Thus, an \(n\)-gon with an even \(n\) has \(n\) lines of reflective symmetry. \(_\square\)
The amazing fact is that the snowflakes too possess symmetries. Let's get more familiar with the snowflakes through examples and problems.
Discuss the symmetry of the snowflakes.
All snowflakes have rotational symmetry of order 6. Snowflakes are symmetrical because they reflect the internal order of the water molecules as they arrange themselves in the solid state (the process of crystallization). Water molecules in the solid state, such as in ice and snow, form weak bonds (called hydrogen bonds) to one another. These ordered arrangements result in the basic symmetrical, hexagonal shape of the snowflake. \(_\square\)
When he was 20, Wilson Alwyn “Snowflake” Bentley photographed his first snowflake by perfecting the process of catching the flakes on black velvet before they melted or sublimated. He pioneered the art of snowflake photography, and captured over 5000 beautiful images for us.

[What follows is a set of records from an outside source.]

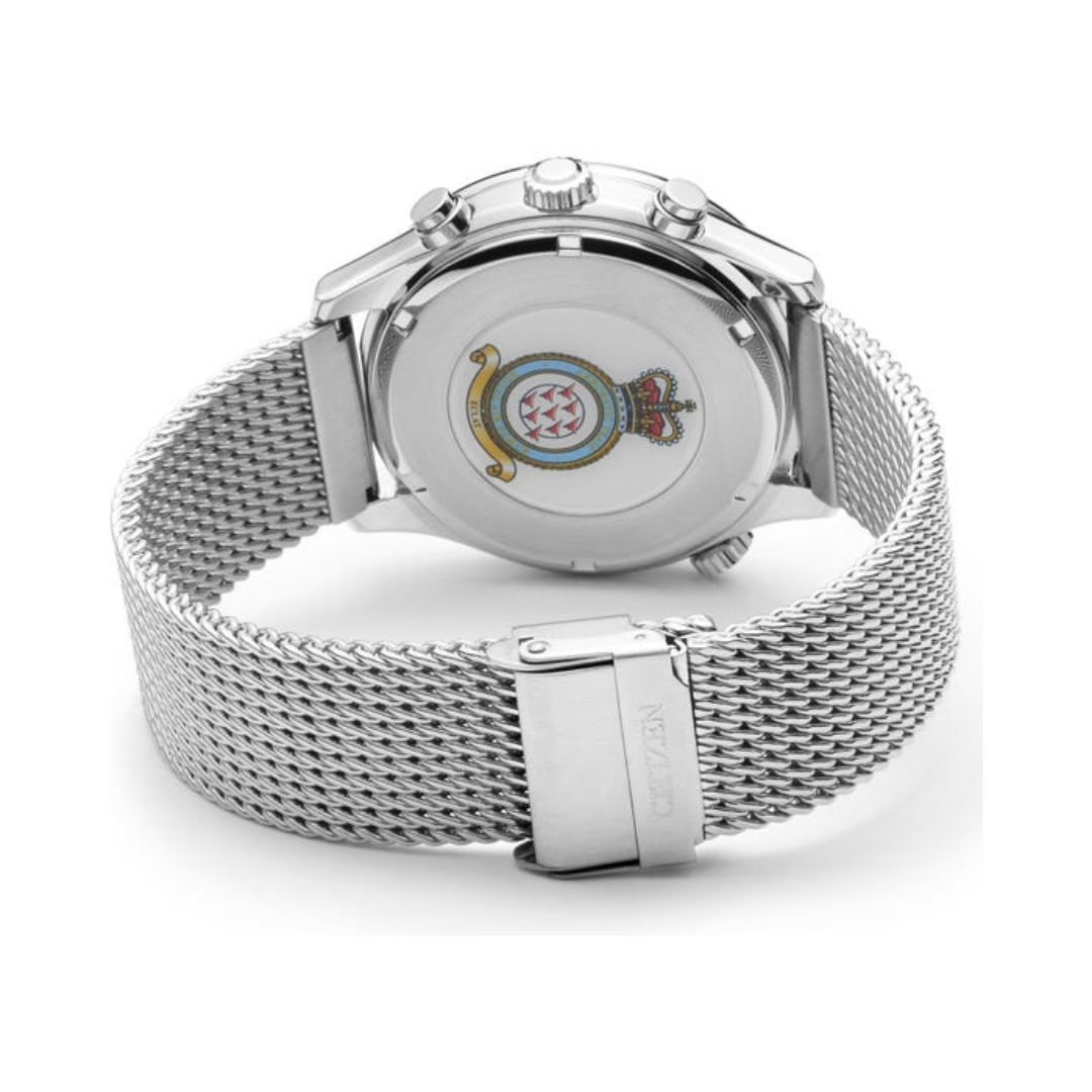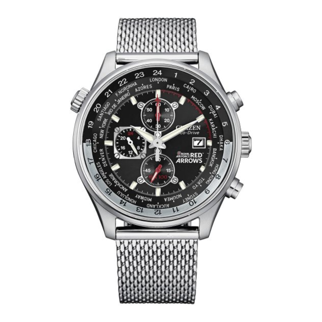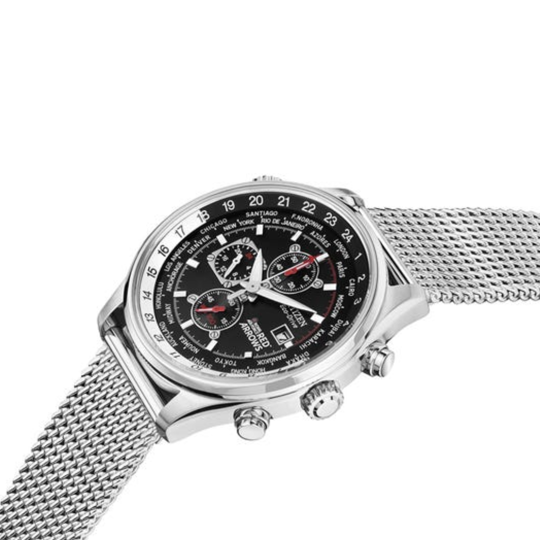 Citizen Mens Eco Drive Red Arrows Steel Mesh Bracelet Black Dial Chronograph Watch
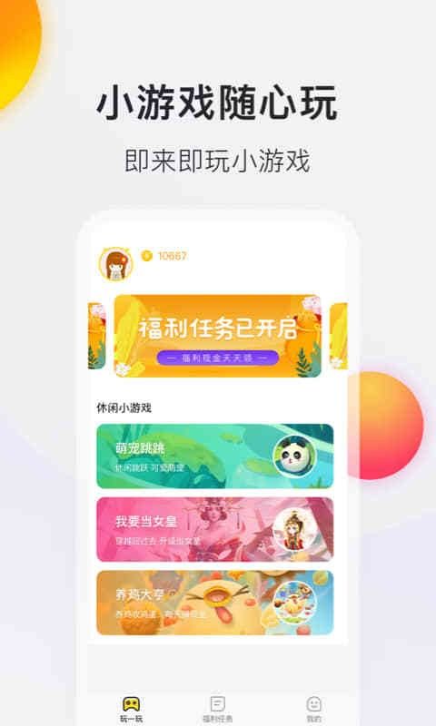 除了玩小游戏外,完成任务还可以获得更多金币奖励哦!
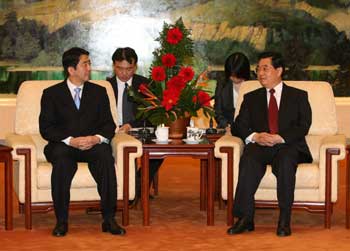 During his stay in Beijing, Abe met or held talks with Chinese President Hu

In the above image, how many lines of symmetry does the snowflake have?
Translations
Wow! Through the sections above, we found that we are surrounded by symmetrical objects, even many living ones! We still have one further kind of symmetry to discuss: translational symmetry. Let's start with the definition of translational symmetry and then we will move on to visualizing the symmetry and playing around with it.

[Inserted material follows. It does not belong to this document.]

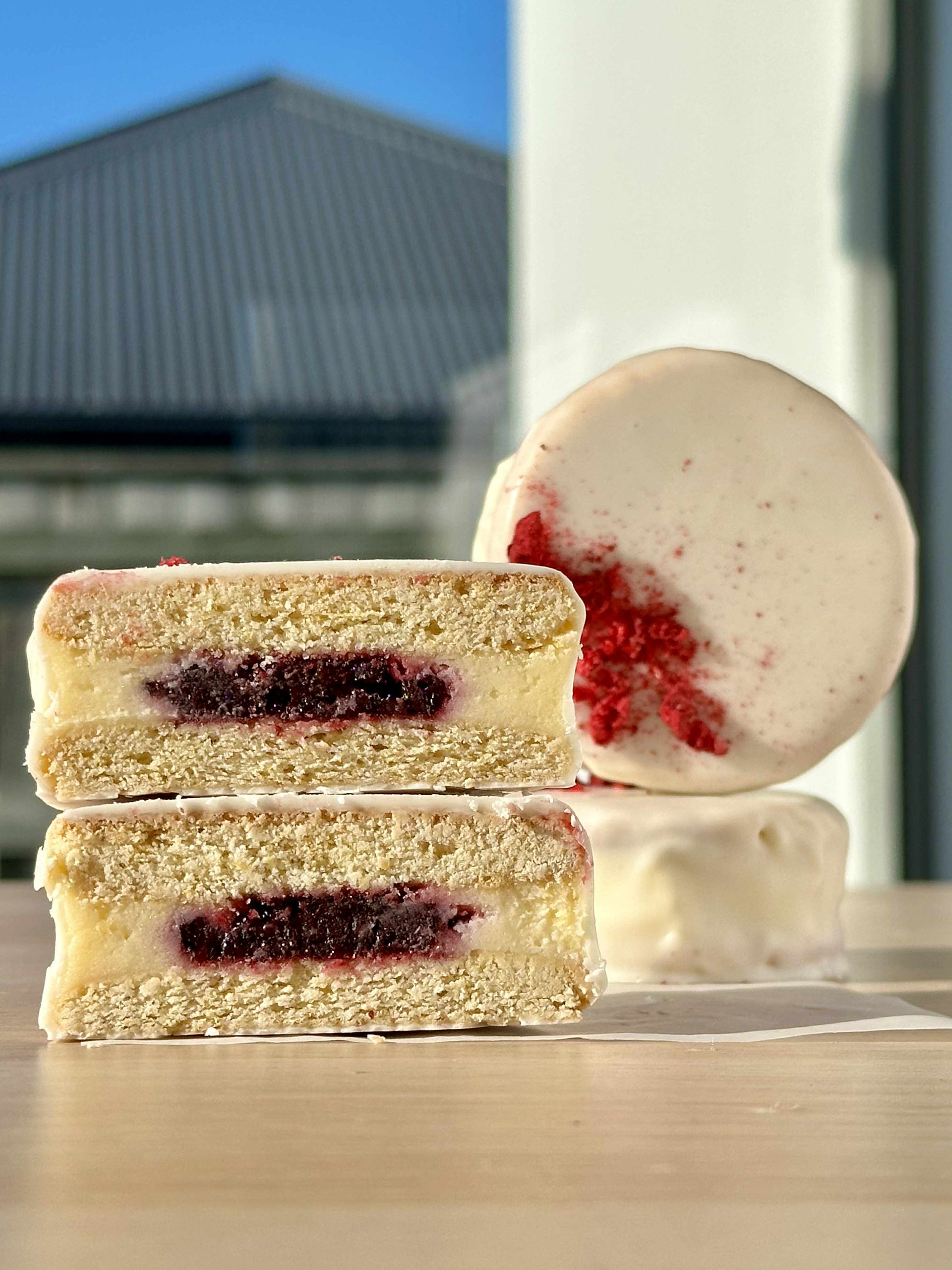 Citrus cookie, lemon ganache, berry center, white chocolate.

Translational symmetry: Translational symmetry is when a pattern looks the same before and after it has been moved ("translated") a particular distance in a specified direction. Patterns with translational symmetries look like they were created by someone with a stamp, moving in a straight line across a surface and stamping at regular intervals as they move. An example is as follows:
\(\large \color{green}{\text{This wiki page is really awesome!}}\)
\(\large \quad \quad \quad \color{green}{\text{This wiki page is really awesome!}}\)

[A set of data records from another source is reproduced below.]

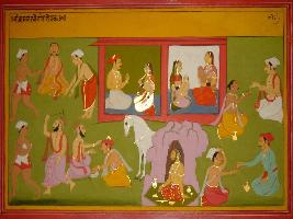 | Description / विवरण | Miniature painting based on Shri Bhagwat Gita. It depicts one man giving daan to Brahman at upper left part. To their right two women are shown sitting with son on their lap. To their right, a man shown talking to his wife. At the upper right part, one man is giving daan to a Brahman and other is pulling his upper cloth. At the lower part, a sage is sitting before a cave. To its right, one sage is giving blessing to a man and to its right, he is hitting another man. |
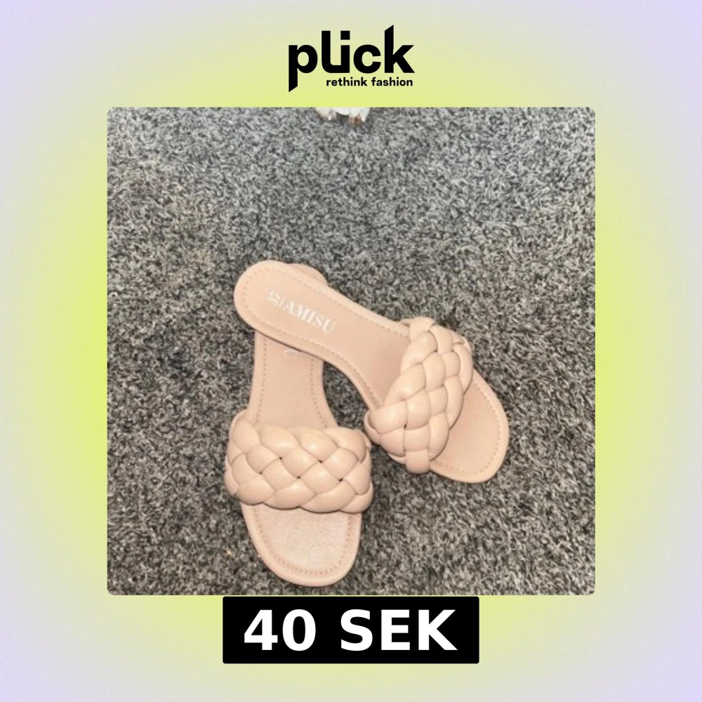 Snygga beige sandaler från Amisu i storlek 37. De har en bred, flätad rem över foten och platt sula. Perfekta för varma dagar och ger en trendig touch till din outfit.
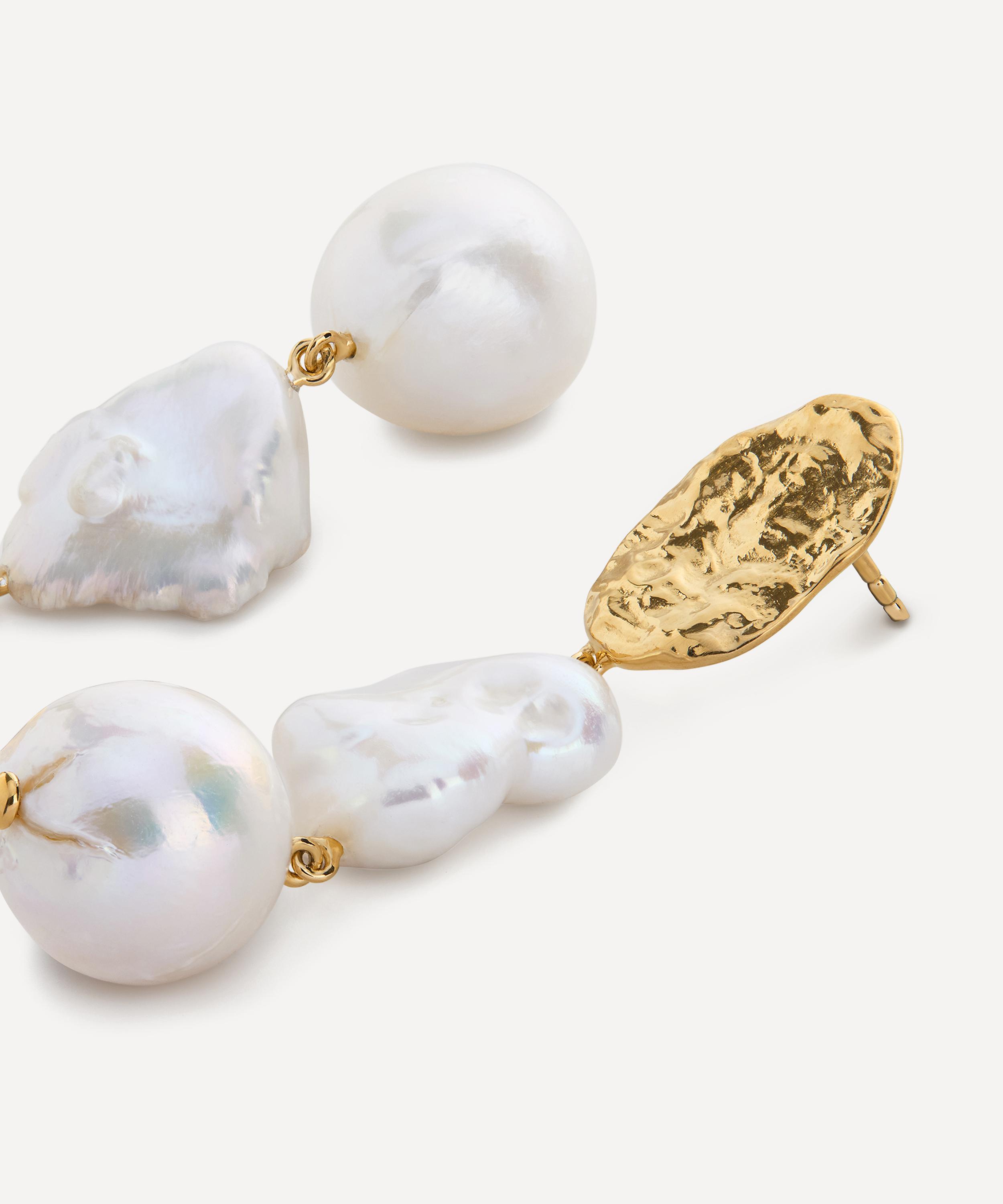 Crafted from sterling silver plated in 18ct gold vermeil, each earring features a rugged, textured disc top, elevated by an opulent Keshi and baroque pearl - inspired by deep-sea treasures. Style them solo for a statement look or team with other earrings to build and eye-catching ear stack.
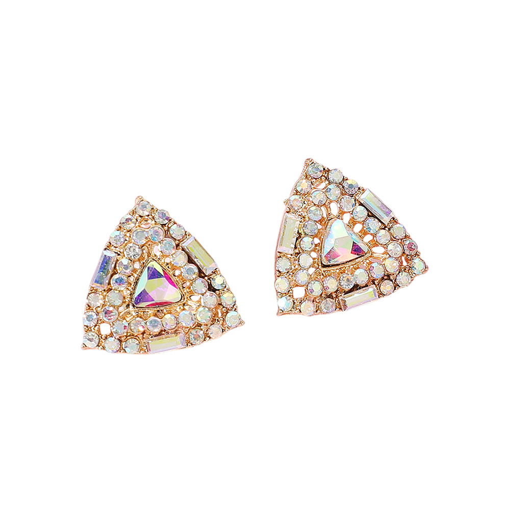 Rhinestone Embellished Triangle Evening Stud Earrings
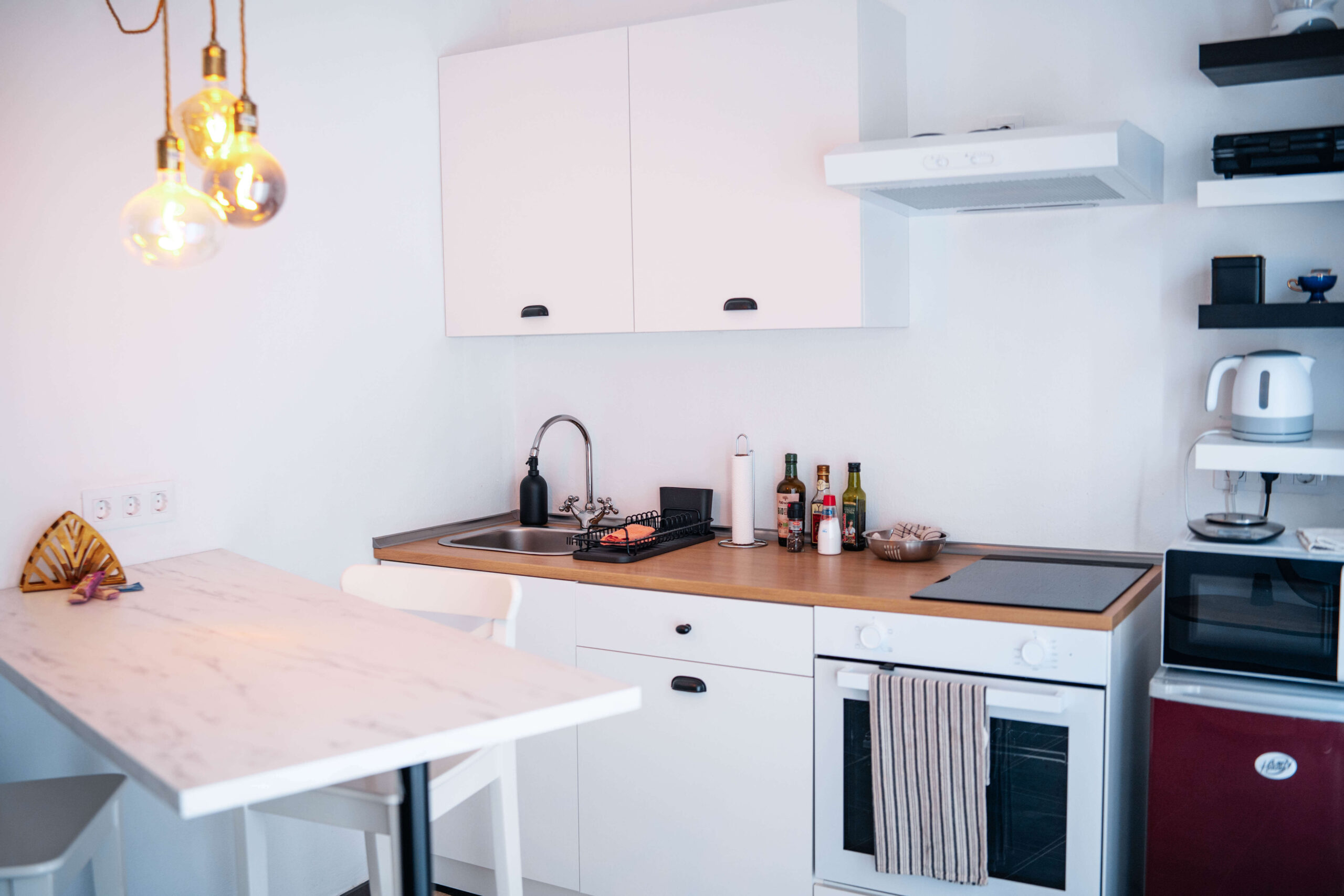 - Kitchen: Fully equipped with plates, pots, cutlery, glasses, oven, refrigerator, microwave, citrus juicer, toaster, coffee pot, and kettle.

\(\large \quad \quad \quad \quad \quad \quad \color{green}{\text{This wiki page is really awesome!}}\)
An object or pattern has translational symmetry if it can be slid in some direction and be ultimately unchanged at the end of the motion. For example, an infinitely ongoing series of ellipses (.........) has translational symmetry.
Let's work out some interesting examples with translational symmetry and have fun exploring them.
The graph of \(\text{CO}_2\) in ppm (parts per million) has translational symmetry as you can see in the above graph. The reason behind it is as follows:
Carbon dioxide \((\text{CO}_2)\) is an important heat-trapping (greenhouse) gas, which is released through human activities such as deforestation and burning fossil fuels, as well as natural processes such as respiration and volcanic eruptions.
The seasonal cycle is due to the vast land mass of the Northern Hemisphere, which contains the majority of land-based vegetation. The result is a decrease in atmospheric carbon dioxide during northern spring and summer when plants are absorbing \(\text{CO}_2\) as part of photosynthesis. The pattern reverses, with an increase in atmospheric carbon dioxide during northern fall and winter. The yearly spikes during the cold months occur as annual vegetation dies and leaves fall and decompose, which releases their carbon back into the air.
There are several man-made objects which possess translational symmetry. Here we are listing a few of them, but you are free to explore the objects possessing translational symmetry and have fun with them.
Street Lamps
Train Tracks
Designing Wallpaper
Here's one special case of transnational symmetry: a combination of sorts between a translation and a reflection called a glide reflection.
Glide reflection: A glide reflection is a combination of two transformations: a reflection over a line followed by a translation in the same direction as the line.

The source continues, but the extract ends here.